The State Department stepped in it. Again.

Now infamous for her dippy soundbites, State Department spokeswoman Marie Harf might have topped her “ISIS just needs jobs” gaffe today.

Henry Kissinger and George Shultz, both former Secretaries of State, wrote an op-ed that was published in the Wall Street Journal yesterday. Brutally critical of the administration’s much touted Iran deal, the op-ed focused on the White House’s dismissive attitude towards the danger Iran poses. Kissinger and Shultz were less than impressed by the administration’s insistence on the necessity of a deal with a country whose priorities aren’t remotely in the same galaxy as those of the United States, noting:

Cooperation is not an exercise in good feeling; it presupposes congruent definitions of stability. There exists no current evidence that Iran and the U.S. are remotely near such an understanding. Even while combating common enemies, such as ISIS, Iran has declined to embrace common objectives. Iran’s representatives (including its Supreme Leader) continue to profess a revolutionary anti-Western concept of international order; domestically, some senior Iranians describe nuclear negotiations as a form of jihad by other means.

In sum, the op-ed eloquently observes the Iran deal is a complete and total cluster.

At a press conference held earlier today, Marie Harf was in no mood to discuss the WSJ lashing.

Flustered, Harf attempted to avoid questions on the WSJ op-ed, but Associated Press reporter Matt Lee persisted. “I read it and it’s far from nuanced. It’s pretty damning,” Lee says. “You just reject it outright? They say this is a recipe for disaster basically, but you say, no, clearly, you wouldn’t be pursuing something you thought was a recipe for disaster.
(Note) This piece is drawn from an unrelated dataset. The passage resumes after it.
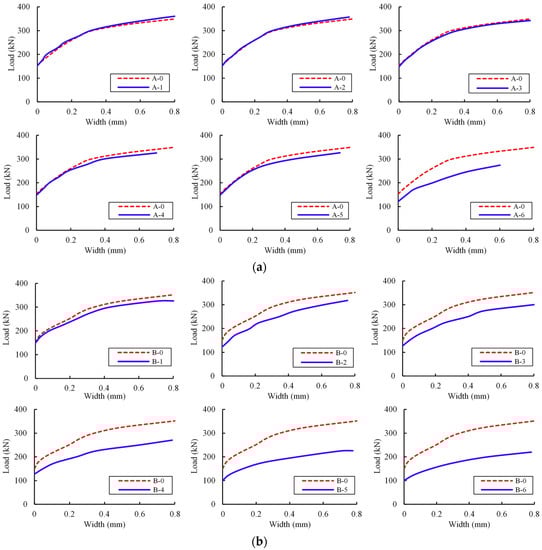 Load–maximum diagonal crack width curves: (a) Group A; and (b) Group B.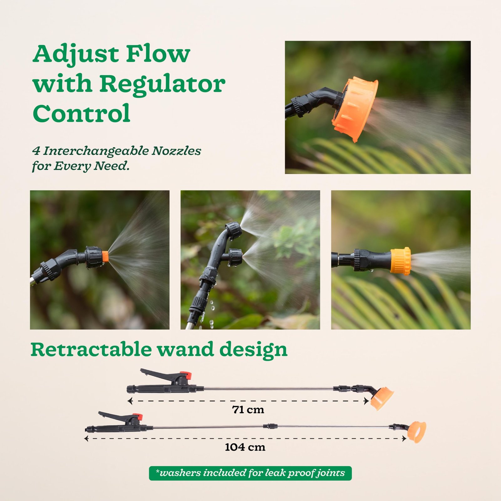 - 4️⃣ VERSATILE SPRAY CONTROL FOR EVERY FARM TASK The adjustable regulator allows precise control over flow, making this pesticide sprayer suitable for misting, heavy spraying, and fertilizer application. Includes 4 nozzles to switch easily between spray types – perfect as an all-in-one power sprayer for agriculture

Is that correct?” Lee reads a few lines of the piece, and lobs them back to Harf.

“I obviously disagree with that. I think that an Iran backed up by a nuclear weapon would be more able to project power in the region. So that’s why we don’t want them to get a nuclear weapon, that’s what this deal does,” Harf says. Interrupting Lee, Harf raises her voice and continues, “And I didn’t hear a lot of alternatives, I heard a lot of sort of big words and big thoughts in that piece and those are certainly, there’s a place for that, but I didn’t hear a lot of alternatives about what they would do differently.”

A lot of sort of big words and big thoughts. That ladies and gentlemen, is our State Department.